O que se observa em muitas escolas brasileiras é que, na maioria das vezes, a
avaliação acaba por atender a critérios que são exclusivamente pedagógicos –
comportamento, participação em sala de aula –, e não inclui questões que
pertencem ao campo do trabalho artístico, propriamente. Diante da dificuldade
em estabelecer critérios e dos desafios, a qualidade da produção artística dos
educandos – ainda que seja discutível em que consiste essa qualidade – fica
em segundo plano, ou é simplesmente desconsiderada.

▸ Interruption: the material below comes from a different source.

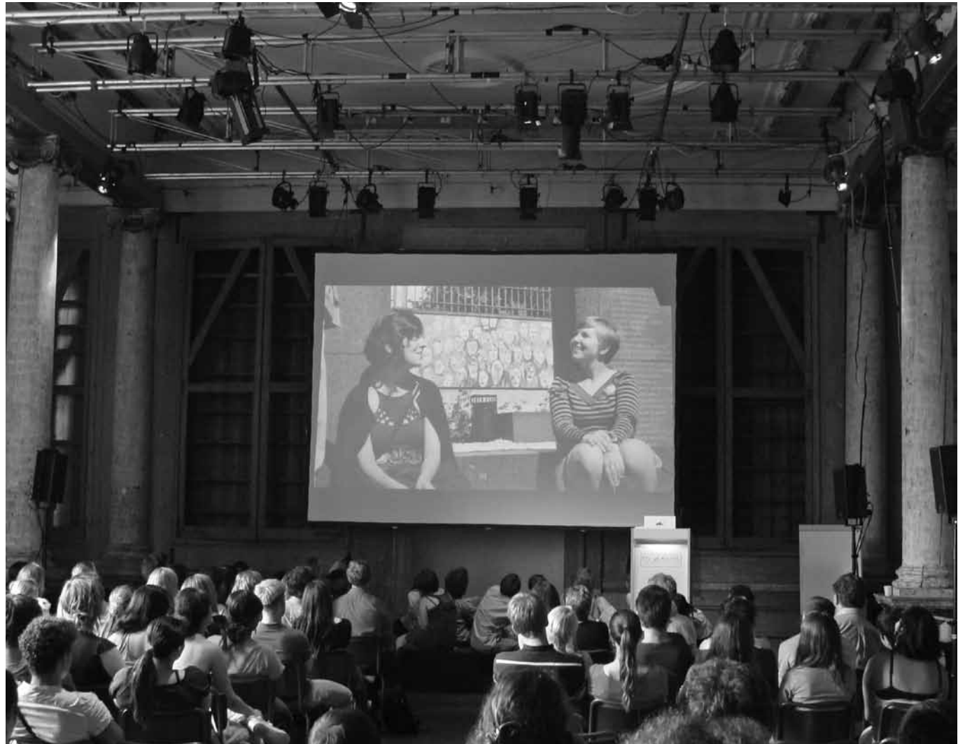
2010 Fellows at the First Annual Humanity in Action International Conference in Amsterdam.
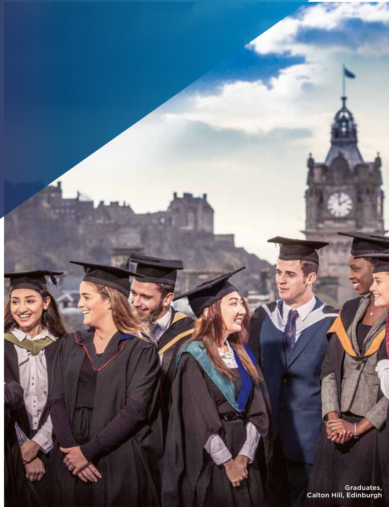
Graduates, Calton Hill, Edinburgh

SCOTLAND HAS LED THE WORLD IN A COMMITMENT TO EXCELLENCE IN EDUCATION FOR CENTURIES. FROM OUR PLACE AS THE FIRST COUNTRY IN THE WORLD TO PROVIDE UNIVERSAL EDUCATION BY ESTABLISHING A SCHOOL IN EVERY PARISH IN THE 17TH CENTURY, TO TODAY'S PIONEERING APPROACH TO LEARNING.

A Associação Imagem Comunitária e a avaliação na Oi Kabum! BH
Tendo esses dilemas em vista, buscamos a partir daqui lançar um olhar sobre
uma experiência educativa específica, e sobre o modo como ela lida com esses
desafios. Contudo, antes de nos debruçarmos sobre as práticas de avaliação
específicas que nos dispomos a apresentar e discutir, faz-se necessária uma
pequena contextualização sobre a escola de arte e tecnologia na qual essas
práticas acontecem e sobre a instituição responsável pelo projeto.

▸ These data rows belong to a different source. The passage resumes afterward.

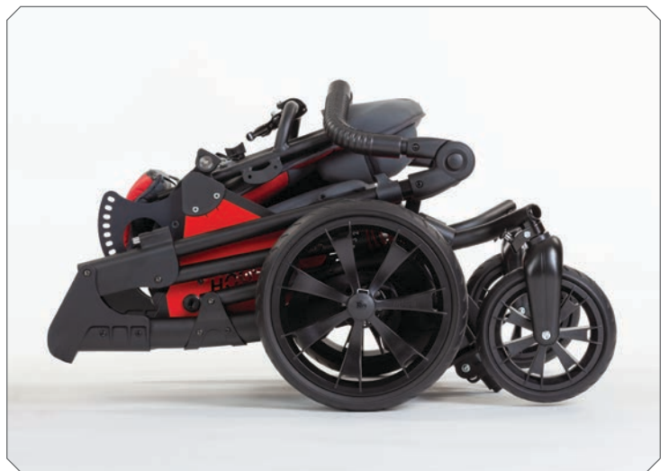
Compact folding size.
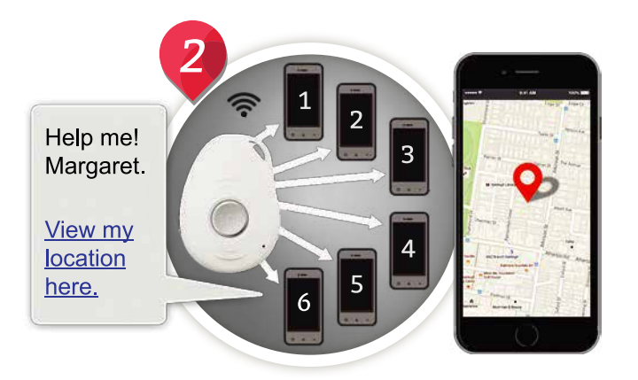
It then sends 6 help texts with your exact location and then calls those people consecutively.
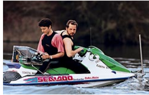
The University of Waikato's Seadoo-based system measures and records water depth versus geographic position, making the system ideal for surf-zone bathymetry.

This jet ski system has provided quality depth soundings for modeling the effects of cooling water discharges on an Auckland estuary. Professor Black continues, “The system is also being used to survey surfing reefs around the Pacific Basin as part of a project with the National Institute of Water and Atmospheric Research to design and build multipurpose offshore breakwaters. We have used a similar system in six countries in the last 12 months (including Australia, Hawaii, Brazil, Tahiti, and New Zealand).”
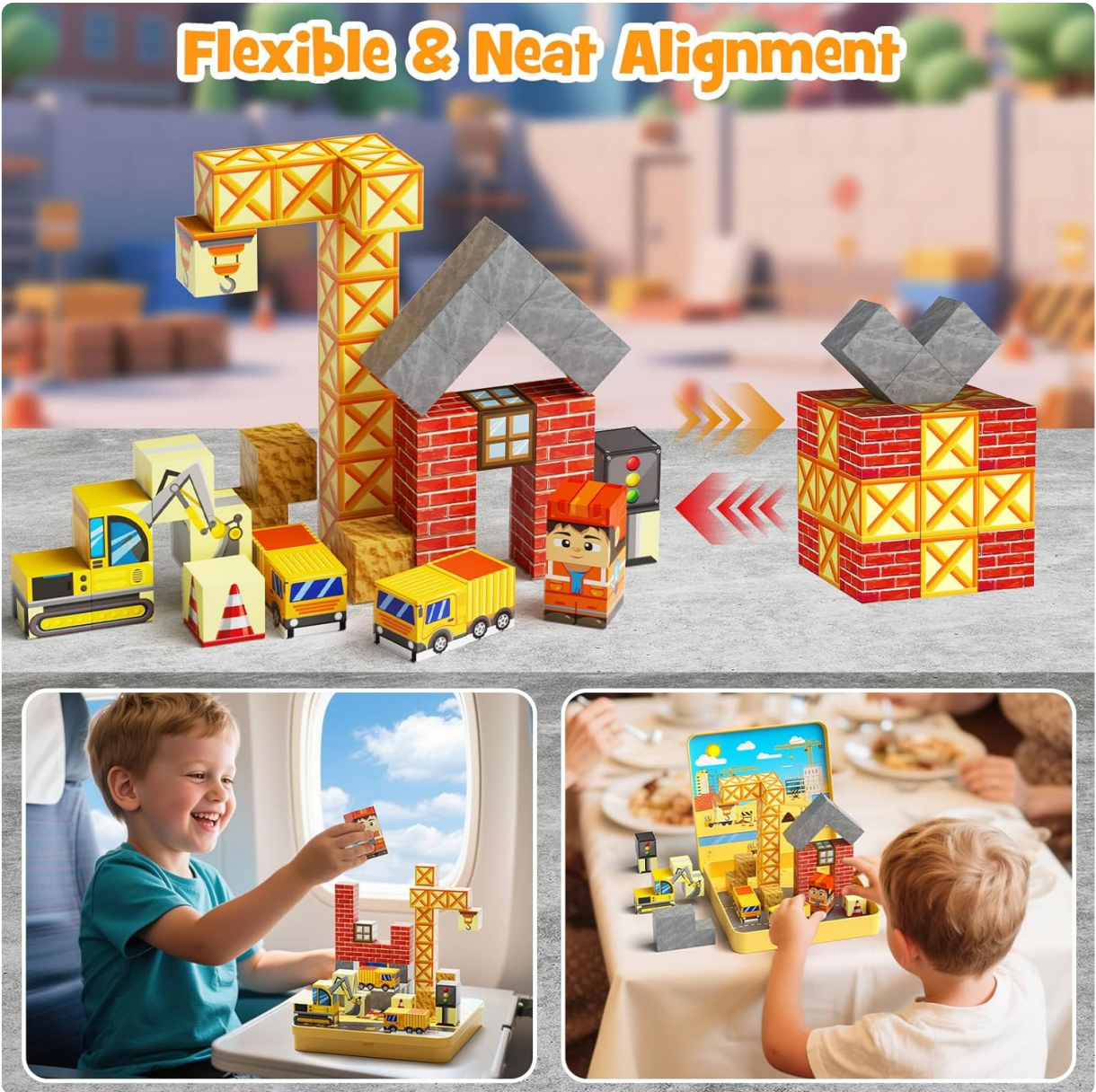
Image: Magnetic blocks showcasing flexible and neat alignment, allowing for diverse construction designs.

A Associação Imagem Comunitária – Grupo de Pesquisa e Experimentação em
Mídias de Acesso Público – é uma organização sem fins lucrativos com sede
em Belo Horizonte. Fundada em 1993, a partir de uma experiência de extensão
universitária, a ONG busca – por meio de diversos projetos – “construir
espaços para que grupos socialmente excluídos ou com poucas oportunidades
de visibilidade se coloquem no debate público” (LIMA, 2006, p. 29). Ao longo
dos últimos 17 anos, a AIC vem buscando colocar em prática, por meio de
experiências estético-expressivas em diversas mídias – rádio, jornal impresso,
web e audiovisual –, um ideal de acesso público à comunicação baseado na
produção coletiva, na experimentação com as diferentes linguagens e na
efetiva ocupação de espaços de publicização.

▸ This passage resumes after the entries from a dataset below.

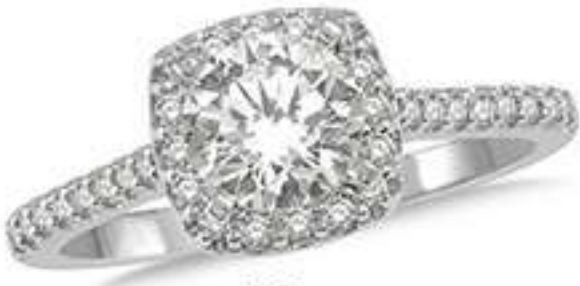
8C 3/8 Ct. t.w. Engagement Ring
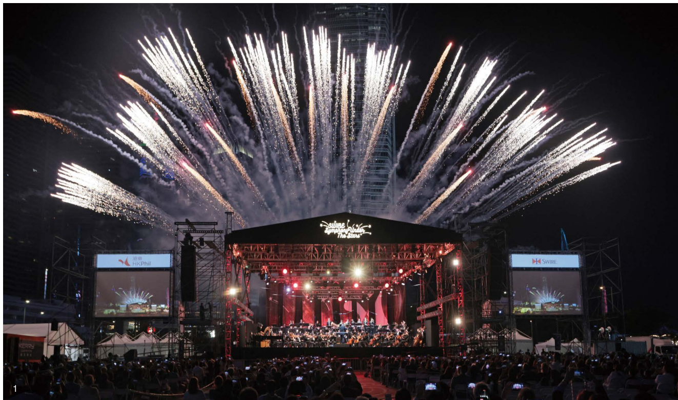
| 1 | 太古「港樂·星夜·交響曲」載譽重臨中環海濱 Swire Symphony Under The Stars returned live to the Central Harbourfront

The HK Phil's free annual outdoor mega-concert took place in November 2022. The live performance was simultaneously streamed on various online platforms.
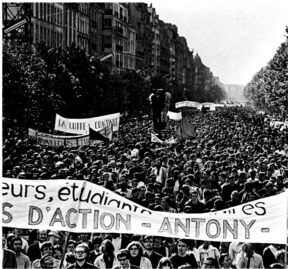
THE WAY TO DO IT. One of a series of mass student demonstrations in Paris during spring revolutionary upsurge. Mass student actions served to spark similar actions by working class.
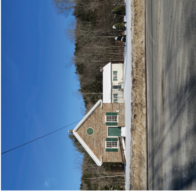
PROSPER Prosper Schoolhouse
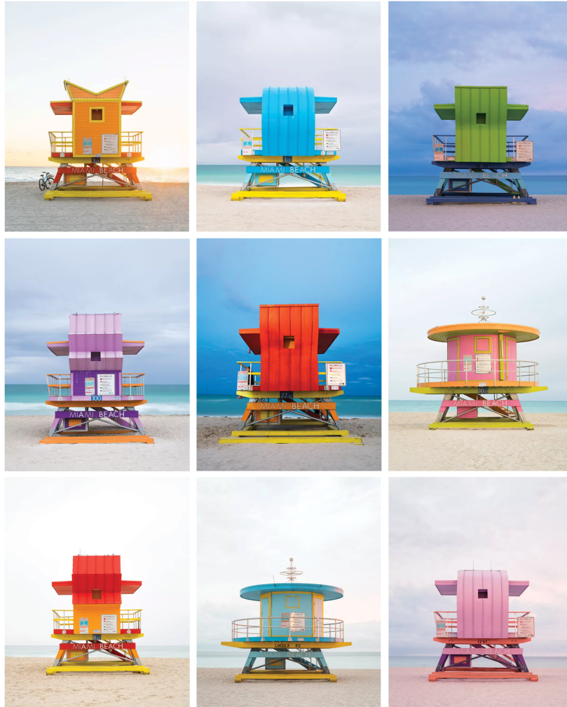
Selected lifeguard stands by WLA:
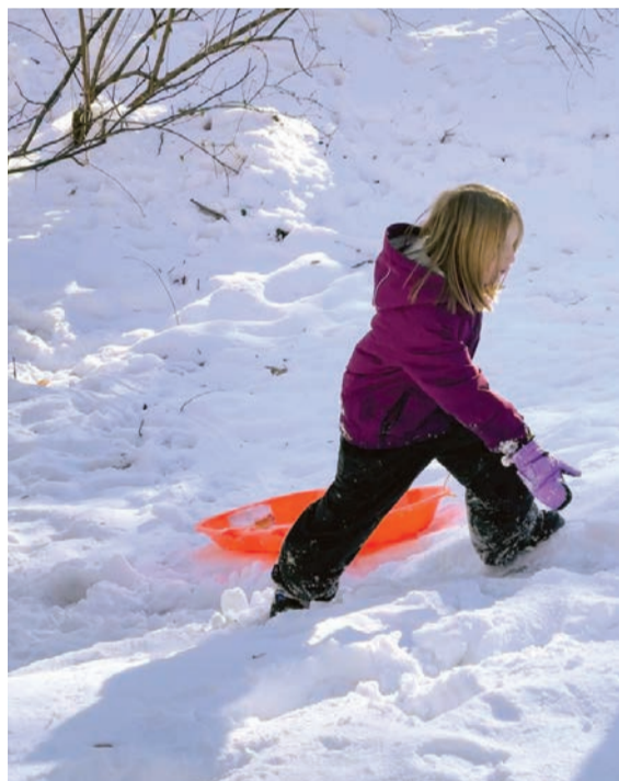
It's a rare opportunity, but what goes down must be pulled up before it can go down again.
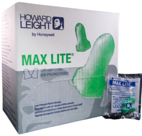
Max Lite Ear Plugs
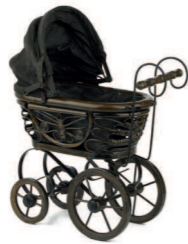
wood and metal pram
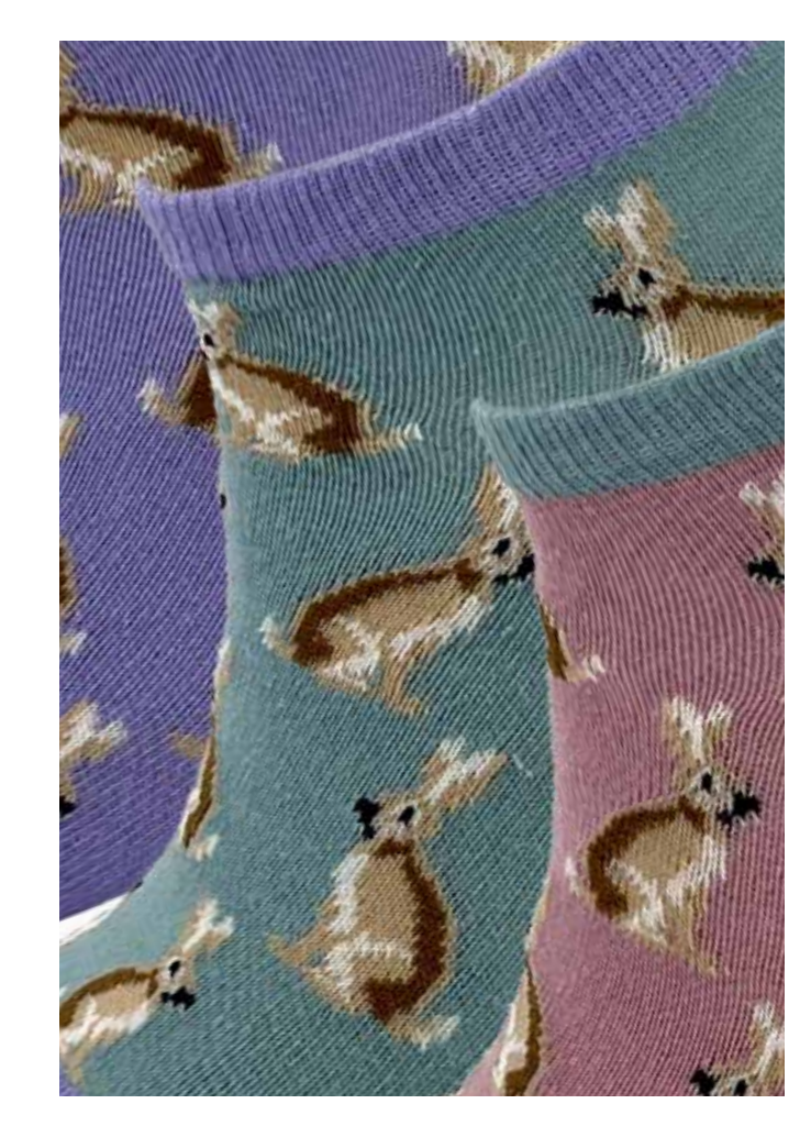
Pack Size- 10

Inspired by classic British countryside animals. These Hound and Hare design socks are made from a super soft bamboo yarn and come in a range of pastel shades. The knee high length makes them perfect to wear with your wellies! Featuring contrast colour heels, toes and rib tops. Breathable and lightweight.
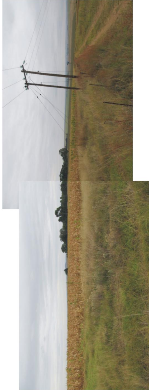
Figure 4. General view of the agricultural areas designated for development.
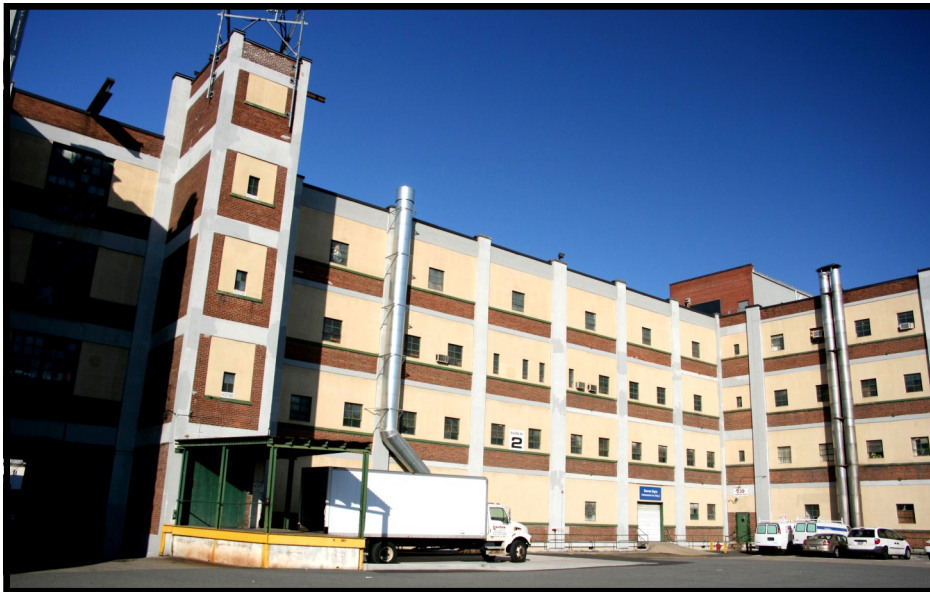
WRIGHT 7: oblique overview of rear of Bld. 2 looking NE from interior courtyard. Bld 1 is just off frame on left, Lindbergh Pl. enters courtyard at left.

Em 2009, a convite do instituto Oi Futuro, a AIC tornou-se a ONG executora,
em Belo Horizonte, da Oi Kabum! – Escola de Arte e Tecnologia. A Oi Kabum! 2
foi criada em 2001 pelo Oi Futuro com a intenção de ser um programa inovador
que tivesse um impacto estruturante no desenvolvimento efetivo da juventude
popular urbana, complementando os processos formais de educação. No
alicerce da escola, estava o anseio por construir um programa educativo em
arte capaz de despertar a curiosidade dos jovens, fomentar as capacidades de
ação autônoma e coletiva e promover a expressão criativa. A aposta na arte e
na tecnologia nasce, assim, dessa ambição por criar as condições de
possibilidade para o desenvolvimento integral das capacidades dos jovens.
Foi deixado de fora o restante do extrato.